The British Vehicle Rental and Leasing Association (BVRLA), says car finance companies are now losing hundreds of millions due to unanticipated EV depreciation, prompting one executive to describe the situation as “extreme.”

Only a few years ago, used EVs were enjoying strong values driven by low supply and rising demand. In 2021 and 2022, as the market rode a post-COVID supply crunch, residual value models showed bullish forecasts for popular EVs. Leasing firms priced their contracts accordingly.

But valuation experts like CAP hpi began ringing alarm bells. Their analysts flagged that EV values were unsustainably high and corrected their forecast models downward. Despite this, many vehicles already on the road were financed on legacy assumptions. These are the vehicles now being returned with values well below their original forecasts.

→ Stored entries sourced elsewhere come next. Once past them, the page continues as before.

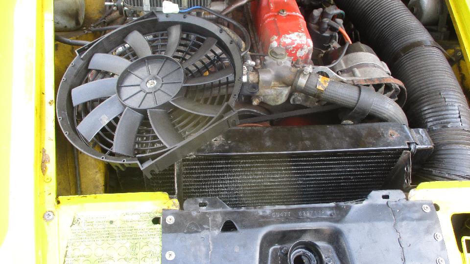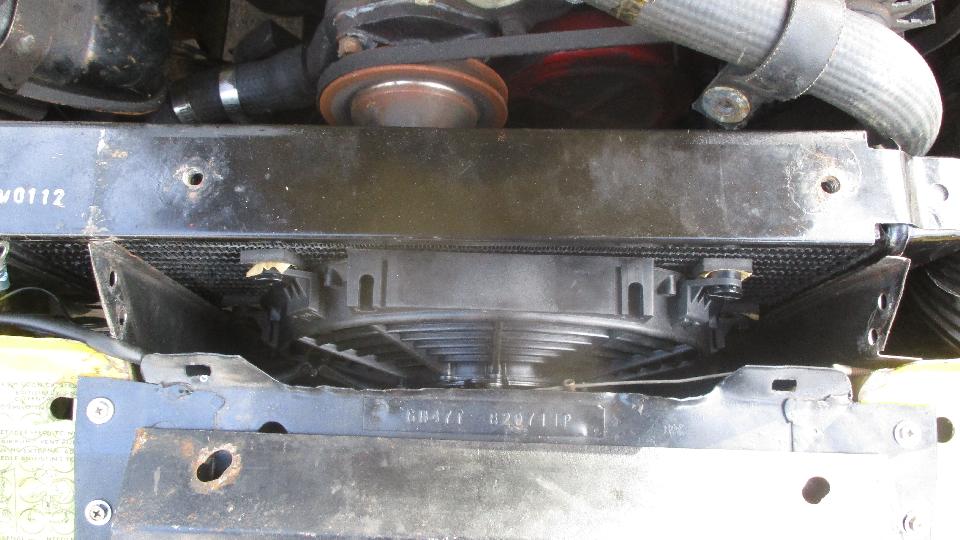 Tag on the fan said MC109K-F 12-volt, Made in China. That would be 10-inch, medium profile, reversible “S” blade fan with 90 watt motor. Specification says 5.1 amp current draw (not 7.5), so maybe it's running at somewhat less than the maximum motor output. Or if it's 90 watts at 17.5 volts peak, then maybe 70 watts at 13.5 volts (or there about). We had to reverse the fan blade to convert it from puller to pusher, and determine electrical polarity to make it turn the right direction. There were multiple trips to the local Pep Boys for Lucar terminal splitters, colored wire, fuel filter, and antifreeze, while I was regularly pulling minor bits out of the magic trailer. We finally wired it to the "green" fuse powered from the ignition switch, so the fan will run all the time the engine is running. While I'm not worried about the fuse, I may be worried about putting an additional five amps through the ignition switch, but I tend to try the simple path first.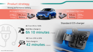 Kia e-Soul charging speed has a maximum of 100 kWm which means the battery can go from 20% ful, to 80% charged in only 42 minutes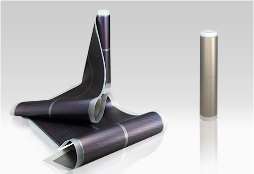 本システムで使用する太陽電池は、プラスチックフィルムを基板に用いたフィルム型アモルファス太陽電池を使用します。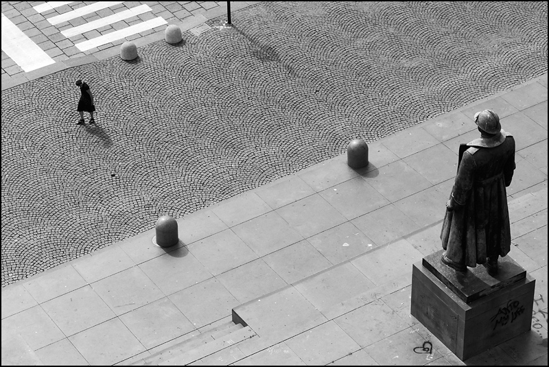 Molto bella per la disposizione dei vari elementi in gioco, con molteplici richiami ed intrecci geometrici; a questo si aggiunge la relazione statua/donna anziana ed un BN impeccabile. Una foto con tanti piani di lettura, pertanto aggiungo anche io i miei complimenti!

Simon Frost, Head of Business Development at Bluestone Credit Management, says the current state of play is creating unwelcome headaches for lenders.

He recounts a recent case: “A colleague returned a three-year-old Tesla Model 3 with a GFV of £25,000. It was only worth £18,000. They would have gladly bought it for £20,000 and financed it again, but that option was never on the table. The result? A £7,000 hit to the lender, plus the costs of transport and remarketing.”

Frost says that while car finance firms are “looking for government support in the future, today’s reality is that many are haemorrhaging money as cars financed over the last three years, on PCP and leasing agreements, often fail to meet their forecast end-of-contract value. Add in the cost of transportation and remarketing, and the losses per car escalate.”